Big Toms, and nearby Little Toms, are hides overlooking a narrow winding tributary of the larger Deka River which, along with a number of natural seeps, provide year-round water to this part of Hwange. The Robins area, which includes Hideaways Nantwich Lodge, is home to the largest variety of species of Hwange’s three regions. It’s notably home to rare antelope species including sable, roan, reedbuck, tsessebe and eland. The more open country around Nantwich is also emerging as one of the best places to see cheetah in the reserve. Researchers first noticed that scar, named after a wound on his face, had a milky eye, caused by a cataract. Over time his eye worsened – it’s now thought he is blind in one eye – but that hasn’t stopped him seeing off challengers and protecting his pride.
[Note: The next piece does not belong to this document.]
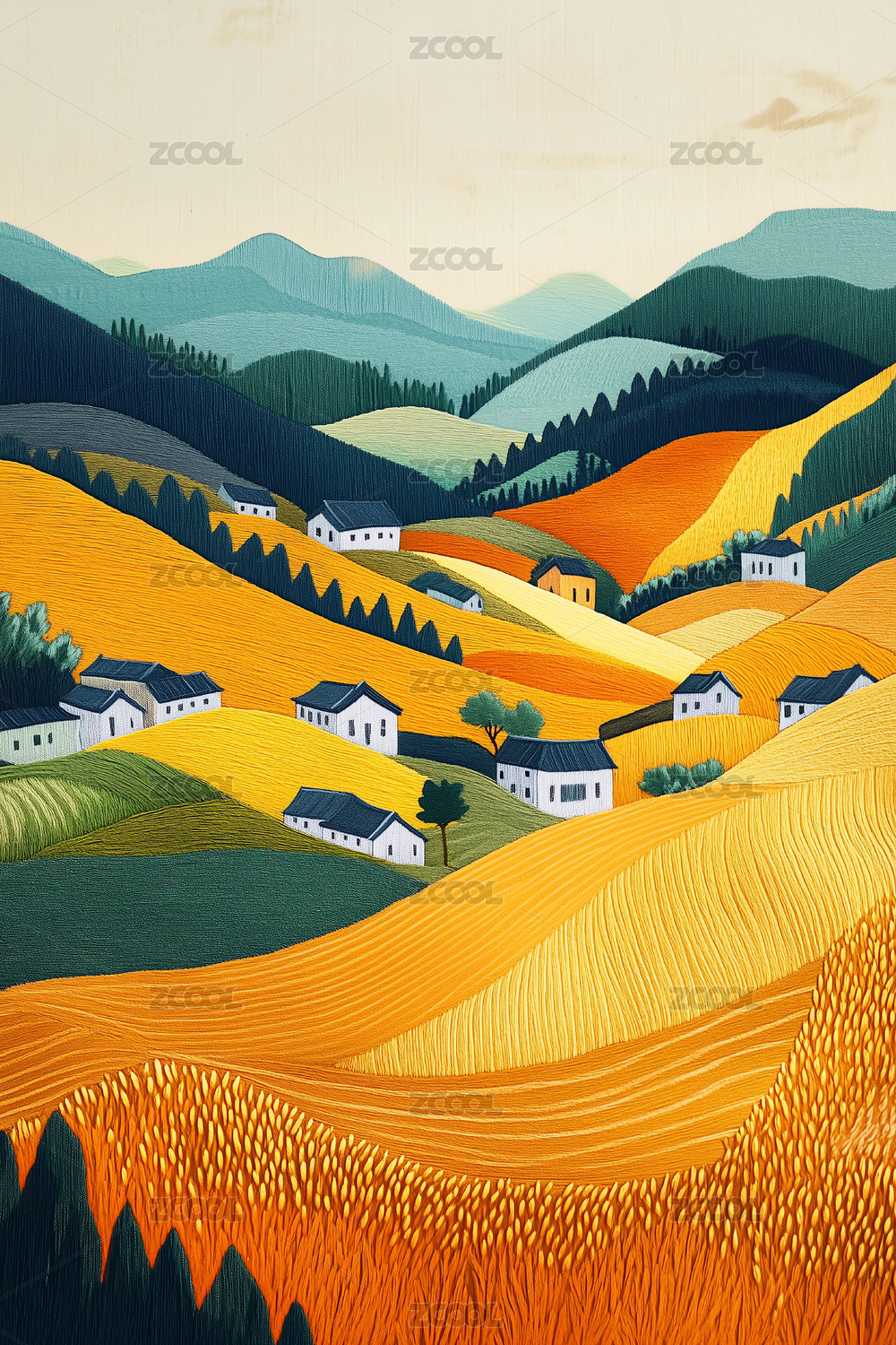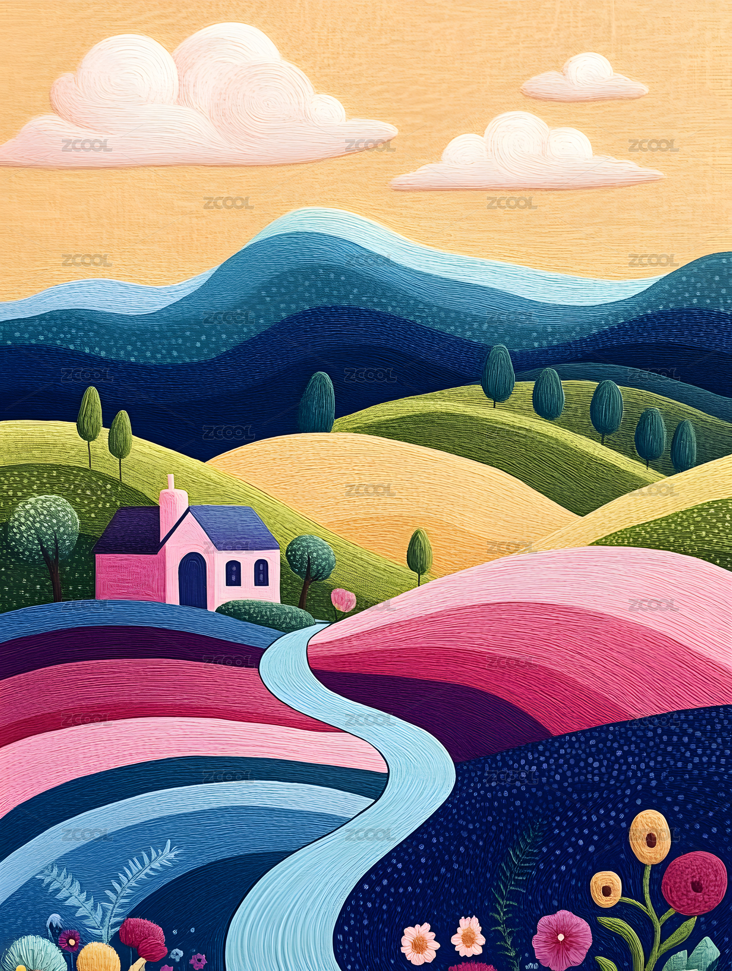 田园风光3D立体插画

While Scar and his females and cubs lead a traditional life, probably aided by the fact that a solar-powered pump keeps water flowing and plains game present at Big Toms year-round, lion dynamics vary in other parts of the park. Elsewhere in this sector are prides where the lionesses mostly call the shots, without the presence of a full-time dominant male. Instead, nomadic coalitions of males service a number of prides, calling them their own. One such family is Percy’s Pride, a grouping of five females and their cubs. It’s thought that two males who were pushed out of Scar’s pride have been mating with the Percy females. Percy’s Pride is named after Percy Durban Crewe, a failed prospector and confidant of the 19th century king of the Matabele (Ndebele) people, Lobengula. Percy was granted Nantwich Farm (the site of the current lodge), and lived there with his Ndebele lover, Vuvuka, until his death in 1931.

The neighbouring farm was owned by an eccentric pioneer of conservation, Herbert Robins, who had bought two existing farms, Little Toms and Big Toms. Robins, an ageing bachelor and astronomer who greeted visitors to his farm while dressed in his pyjamas, was an early believer that people would prefer to pay money to see and photograph lions and other big game, than hunt them. Both Percy and Herbert Robins’ farms were incorporated into Hwange National Park after their deaths. Percy rests in his grave on a hill overlooking Nantwich and the rolling grassy vleis around the lodge – lion country.